Belgium, officially the Kingdom of Belgium, is a state in Western Europe. The 1830 Belgian Revolution led to the establishment of an independent, Belgium under a provisional government and a national congress. Since the installation of Leopold I as king in 1831, Belgium has been a constitutional monarchy and parliamentary democracy.

| Name | Debut | Final game | Position | Teams | Ref |
|---|---|---|---|---|---|
| Brian Lesher | August 25, 1996 | September 28, 2002 | left fielder, first baseman | Oakland Athletics (1996–1998) Seattle Mariners (2000) Toronto Blue Jays (2002) |  |

== Denmark ==

Denmark, officially the Kingdom of Denmark together with Greenland and the Faroe Islands, is a Scandinavian country in Northern Europe.

| Name | Debut | Final game | Position | Teams | Ref |
|---|---|---|---|---|---|
| Olaf Henriksen | August 11, 1911 | June 27, 1917 | outfielder | Boston Red Sox (1911–1917) |  |

== Finland ==

=== Grand Duchy of Finland ===

The Grand Duchy of Finland was the predecessor state of modern Finland. It existed between 1809 and 1917 as an autonomous part of the Russian Empire and was ruled by the Russian Emperor as Grand Duke.

| Name | Debut | Final game | Position | Teams | Ref |
|---|---|---|---|---|---|
| John Michaelson | August 28, 1921 | August 30, 1921 | pitcher | Chicago White Sox (1921) |  |

== France ==

France, officially the French Republic, is a sovereign country in Western Europe that extends from the Mediterranean to the English Channel and the North Sea, and from the Rhine to the Atlantic Ocean.

=== French Second Republic ===

The French Second Republic was the republican government of France between the 1848 Revolution and the 1851 coup by Louis-Napoléon Bonaparte which initiated the Second Empire.

| Name | Debut | Final game | Position | Teams | Ref |
|---|---|---|---|---|---|
| Larry Ressler | April 26, 1875 | July 4, 1875 | outfielder | Washington Nationals (1875) |  |

=== French Third Republic ===

The French Third Republic was France from 1870, when the Second French Empire collapsed, to 1940, when France's defeat by Nazi Germany led to the Vichy France government. Vichy was replaced by the French Fourth Republic.

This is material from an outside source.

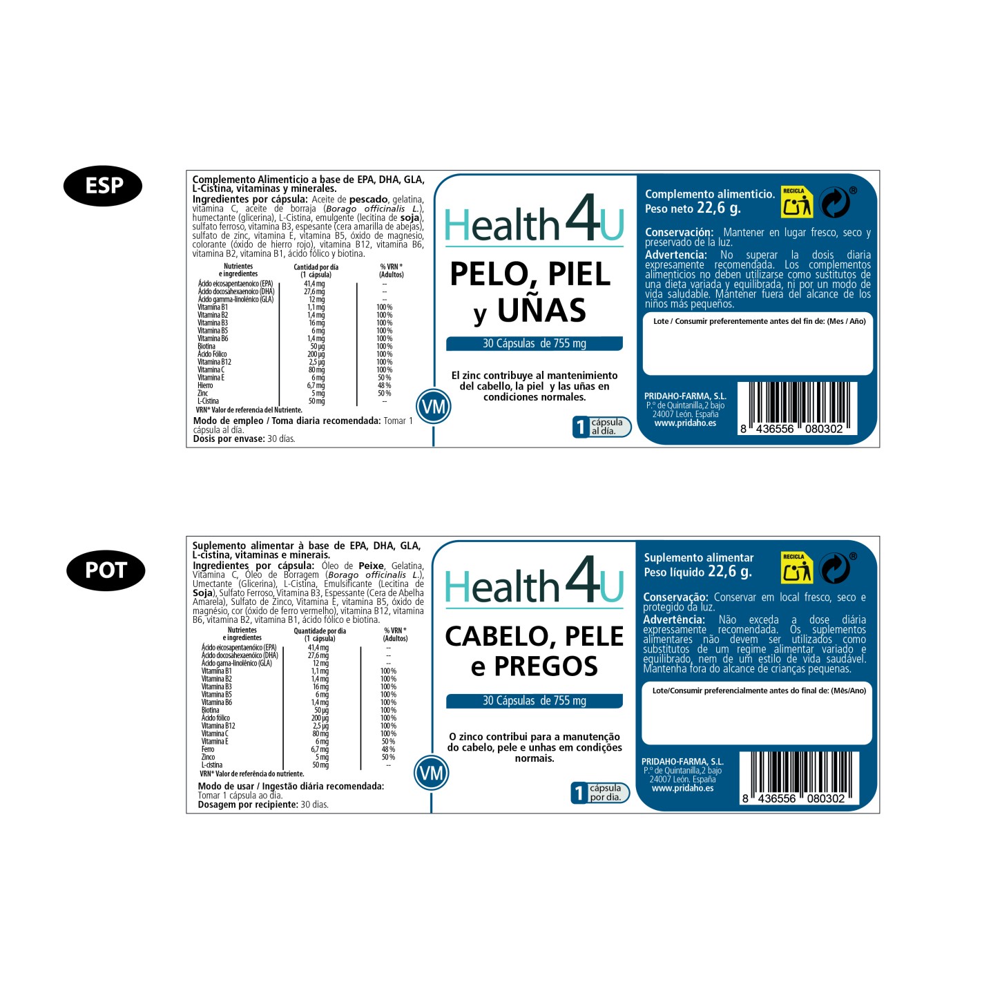aceite de pescado, gelatina, vitamina C, Aceite de borraja (borago officinalis L.), humectante (glicerina), L-Cistina, emulgente (Lecitina de soja), sulfato ferroso, vitamina B3, espesante (cera amarilla de abejas), sulfato de zinc, vitamina E, vitamina B5, óxido de magnesio, colorante (óxido de hierro rojo), vitamina B12, vitamina B6, vitamina B2, vitamina B1, ácido fólico y biotina.

| Name | Debut | Final game | Position | Teams | Ref |
|---|---|---|---|---|---|
| Claude Gouzzie | July 22, 1903 | July 22, 1903 | second baseman | St. Louis Browns (1903) |  |
| Duke Markell | September 6, 1951 | September 29, 1951 | pitcher | St. Louis Browns (1951) |  |

=== French Fourth Republic ===

The French Fourth Republic was the republican government of France between 1946 and 1958, governed by the fourth republican constitution. France adopted the constitution of the Fourth Republic on 13 October 1946.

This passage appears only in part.